Ce petit livre au titre intrigant s'apparente plus à une longue nouvelle qu'à un roman. Pan Bouyoucas qui a, par le passé, écrit quelques romans policiers, aime bien bâtir ses histoires autour d'une intrigue. Cette fois-ci, le mystère a pour décor l'île grecque de Leros dans la mer Égée en bordure de la côte turque. Conçue comme un huis clos, l'histoire met en scène trois personnages, deux nonnes et un diacre, qui se retrouvent au sommet d'une montagne dans une forteresse byzantine transformée en couvent. Le lieu totalement en retrait du village et où personne ne vient mis à part quelques pèlerins, a la réputation d'entraîner dans la folie ceux qui s'y risquent. Perchée au-dessus de la mer, la falaise pousse irrésistiblement les âmes en peine à plonger dans le vide.

Au moment où l'histoire débute, la forteresse est habitée depuis quatre ans par une religieuse qui vit dans une sérénité inhabituelle à ce lieu marqué par le mauvais sort. Mais cette tranquillité est rompue par l'arrivée d'une jeune novice mandatée par l'archevêque pour surveiller la religieuse et s'assurer qu'elle ne soit elle aussi happée par le vide. Peu après, c'est au tour du diacre, peintre incompris, de franchir le seuil de la forteresse pour tenter de vendre aux deux nonnes ses icônes religieuses. Pour lui venir en aide, Nicoletta, seule à reconnaître son talent, lui confie la restauration des fresques de l'église. Mais celle-ci s'aperçoit que la novice, Véroniki, et le peintre Maximos non seulement se connaissent, mais ont éprouvé l'un pour l'autre des sentiments amoureux. Pour une raison inconnue et qui le restera, Véroniki résiste à l'amour de Maximos qui trouve refuge chez son aînée. S'installent entre les personnages des relations ambiguës tantôt maternelles, tantôt amoureuses qui se dénoueront à la fin du récit sur un mode tragique.

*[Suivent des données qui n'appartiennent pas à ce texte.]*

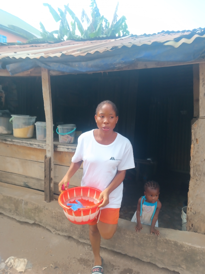 A woman in a white t-shirt and orange shorts carries a red and white basin filled with water and a blue object. She stands outside a weathered structure with a corrugated metal roof and wooden supports. Various containers sit on a shelf inside. A young child in a white dress with blue straps stands behind her. The ground appears uneven, and the lighting suggests an outdoor setting.
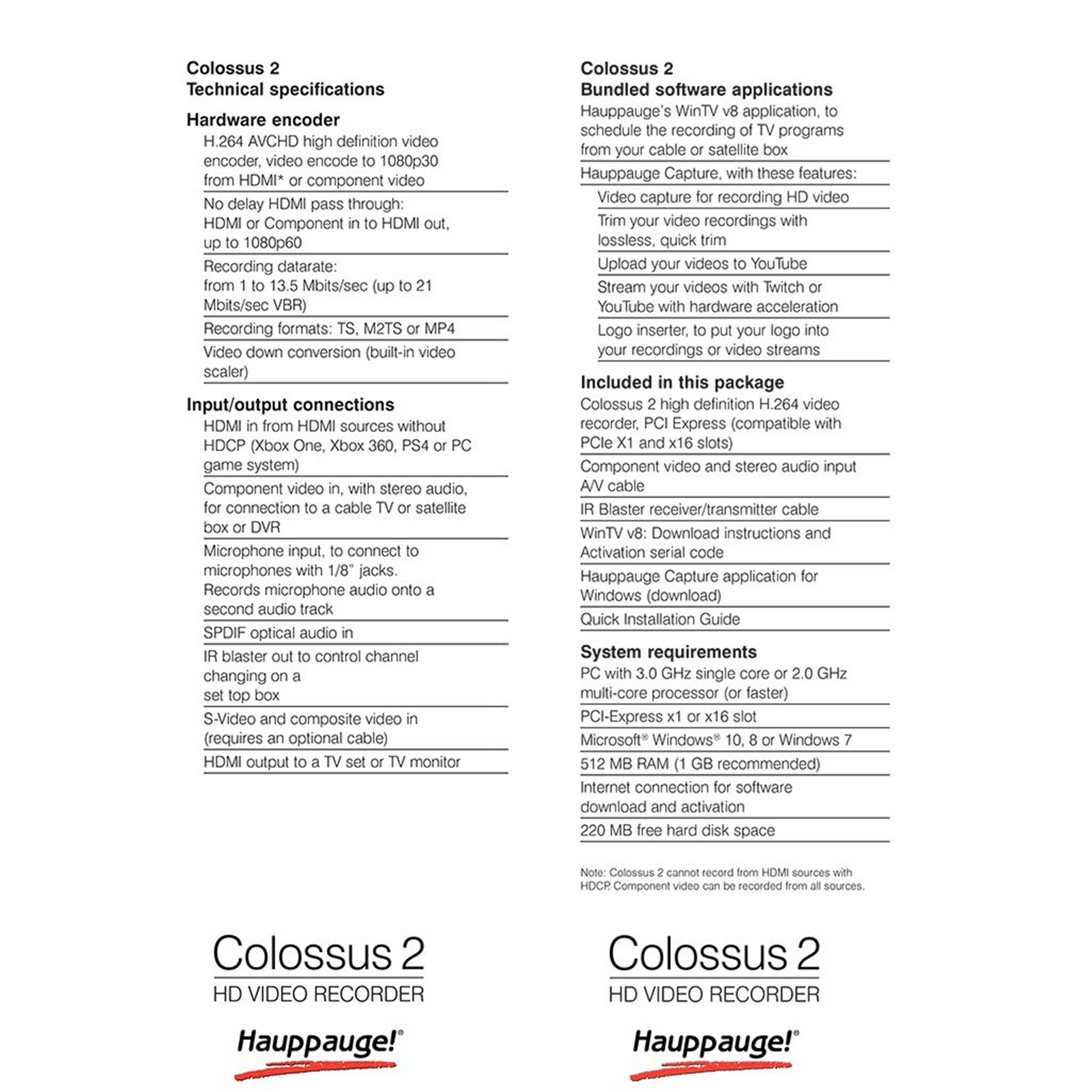 Colossus 2 is an internal video recorder which plugs into PCI Express x1 or x16 slots. It contains the same studio quality video encoder which is used in the HD PVR 2, and can record both HDMI and Component video at up to 1080p30, with support for 1080p60 passthrough.

On peut se surprendre du choix pour un auteur contemporain de cette histoire si éloignée de nos préoccupations séculières et urbaines. Mais il faut lire ce récit comme une fable teintée de tragédie grecque où les héros sont malgré eux prisonniers de leur destinée et du lieu qu'ils habitent. Il faut savoir que Pan Bouyoucas est né au Liban de parents grecs, et qu'enfant il a passé tous ses étés à Leros, l'île de ses ancêtres. Si cette île hante son œuvre et son imaginaire de ses paysages de mer et de montagne, l'auteur s'inspire également de la grande tradition de la tragédie grecque pour composer son intrigue et ses personnages. Et c'est pour moi l'intérêt de ce livre que de sortir le lecteur de sa réalité quotidienne, de le faire voyager dans le temps et dans l'espace par cette histoire qui parle d'art, de passion, de solitude et de marginalité. On sent chez le romancier une sympathie particulière pour le personnage de Nicoletta, cette religieuse de 50 ans, passionnée de cinéma qui ne le connaît pourtant que par les magazines que lui offre le cafetier du village, sceptique quant aux pouvoirs de l'icône miraculeuse de la Vierge à l'Enfant qu'abrite son église et qui, une nuit, pour consoler le diacre, contrevient à son vœu de chasteté. Ce personnage iconoclaste et épris d'art, reclus et pourtant d'une totale générosité, touche davantage que les deux autres. Mais le véritable héros de l'histoire, c'est l'île de Leros et sa forteresse suspendue au-dessus du vide. Par le pouvoir qu'il lui accorde, Pan Bouyoucas lui donne vie. Objet de peur ou de fascination, c'est l'île qui décide du sort des personnages.

Pan Bouyoucas a une écriture précise, simple et directe. Après avoir écrit plusieurs pièces de théâtre, des romans et des nouvelles, il semble avoir trouvé sa voie dans ce style de récit court qui convient bien à la sobriété de son écriture. Lui-même un tantinet iconoclaste, il aime briser les images quitte à être parfois irrévérencieux. J'ai noté à quelques reprises des changements de ton ou des niveaux de langage inappropriés comme cette réplique du diacre qui répond : «C'est en plein ça», une expression un peu trop québécoise dans un tel contexte. On aurait aussi aimé en savoir un peu plus sur les liens entre la novice et l'apprenti curé et la raison de leur rupture et de leur engagement religieux. Je reprocherais aussi à l'auteur l'extrait de l'autobiographie de Nicoletta qui arrive à la fin du récit, une solution un peu facile pour révéler les secrets de l'histoire. Mais mis à part ces quelques remarques, Anna pourquoi se lit d'un trait le temps d'un long bain ou d'un trajet d'autobus.